When Apple Pay was announced at a highly choreographed launch event in September, analysts declared that the mobile payment system had a shot at doing what other digital wallets have so far failed to do: Dethrone plastic credit and debit cards as shoppers' default way of making a purchase.

But now, less than a week after the system's launch, Rite Aid and CVS have disabled their Apple Pay technology, a sign that the tech titan's quest to make its digital wallet ubiquitous may be more difficult than many thought.

The drugstore chains have not said why they have shut down this technology. CVS simply "cannot accept Apple Pay" or other mobile payment options that rely on similar technology, the company said. Both companies said they are evaluating various mobile payment technologies.

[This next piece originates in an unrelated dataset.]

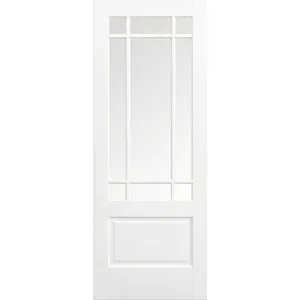 Clear bevelled glazed panels feature decorative bars, with a raised shaped panel in a primed solid core and a white finish.
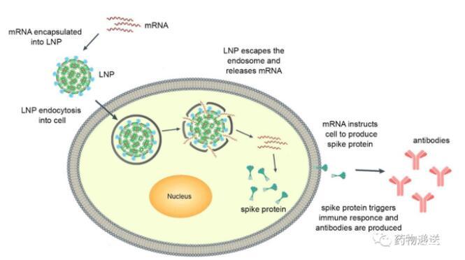 脂質(zhì)納米粒最新的成功案例是作為遞送載體用Pfizer/BioNTech和Moderna獲FDA批準(zhǔn)的兩種COVID-19信使RNA(mRNA)新冠疫苗,這兩款疫苗以無與倫比的速度開發(fā)上市,并在流行病毒預(yù)防方面有著顯著的效果。疫苗將編碼SARS-CoV-2刺突蛋白的mRNA遞送到宿主細(xì)胞的細(xì)胞質(zhì)中,被翻譯成刺突蛋白充當(dāng)抗原,對病毒產(chǎn)生免疫反應(yīng)。

Analysts say the moves are likely a pre-emptive strike against Apple Pay by the two chain stores, which are part of a coalition of retailers building their own mobile payment offering. The group includes stores such as Wal-Mart, Best Buy, Lowe's, and Dunkin' Donuts. Its offering, dubbed CurrentC, is slated to roll out in 2015 at 110,000 locations.

CurrentC would have some advantages over Apple Pay for retailers. It will draw money directly from a consumer's bank account instead of charging a credit card like Apple Pay does. This would allow retailers to avoid paying credit card companies what are known as swipe fees every time a customer pays with a credit card. CurrentC would also give retailers access to more data about shoppers.